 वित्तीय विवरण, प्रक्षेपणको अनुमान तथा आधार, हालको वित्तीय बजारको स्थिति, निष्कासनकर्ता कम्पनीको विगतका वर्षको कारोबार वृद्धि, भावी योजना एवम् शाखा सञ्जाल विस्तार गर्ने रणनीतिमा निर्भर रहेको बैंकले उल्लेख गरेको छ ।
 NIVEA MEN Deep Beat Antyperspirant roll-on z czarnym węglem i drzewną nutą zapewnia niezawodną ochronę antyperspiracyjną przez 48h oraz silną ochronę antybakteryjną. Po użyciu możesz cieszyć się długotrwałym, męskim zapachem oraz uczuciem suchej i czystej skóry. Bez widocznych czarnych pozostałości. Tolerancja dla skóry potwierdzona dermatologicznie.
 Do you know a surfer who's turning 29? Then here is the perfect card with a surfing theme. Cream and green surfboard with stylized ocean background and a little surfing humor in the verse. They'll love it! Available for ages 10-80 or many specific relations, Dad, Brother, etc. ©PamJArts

-------------------------

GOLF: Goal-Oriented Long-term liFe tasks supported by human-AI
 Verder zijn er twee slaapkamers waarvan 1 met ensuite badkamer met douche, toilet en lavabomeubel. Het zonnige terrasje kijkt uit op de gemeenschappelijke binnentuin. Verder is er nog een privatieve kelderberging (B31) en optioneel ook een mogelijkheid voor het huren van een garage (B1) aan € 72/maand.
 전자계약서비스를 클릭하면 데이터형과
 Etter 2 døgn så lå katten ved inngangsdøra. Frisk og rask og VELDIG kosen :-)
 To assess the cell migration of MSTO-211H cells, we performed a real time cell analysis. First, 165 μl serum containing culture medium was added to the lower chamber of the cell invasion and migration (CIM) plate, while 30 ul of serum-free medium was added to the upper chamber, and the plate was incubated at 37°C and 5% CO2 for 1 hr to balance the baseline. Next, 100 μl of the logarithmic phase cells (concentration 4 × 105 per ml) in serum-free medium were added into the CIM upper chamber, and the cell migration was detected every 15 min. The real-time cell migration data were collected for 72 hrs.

-------------------------

What the task asks —
Could you return exactly the stretch of the data above that starts at the line with "NIVEA MEN Deep" and ends at the line with "Do you know", both lines included?

Task solution —
 NIVEA MEN Deep Beat Antyperspirant roll-on z czarnym węglem i drzewną nutą zapewnia niezawodną ochronę antyperspiracyjną przez 48h oraz silną ochronę antybakteryjną. Po użyciu możesz cieszyć się długotrwałym, męskim zapachem oraz uczuciem suchej i czystej skóry. Bez widocznych czarnych pozostałości. Tolerancja dla skóry potwierdzona dermatologicznie.
 Do you know a surfer who's turning 29? Then here is the perfect card with a surfing theme. Cream and green surfboard with stylized ocean background and a little surfing humor in the verse. They'll love it! Available for ages 10-80 or many specific relations, Dad, Brother, etc. ©PamJArts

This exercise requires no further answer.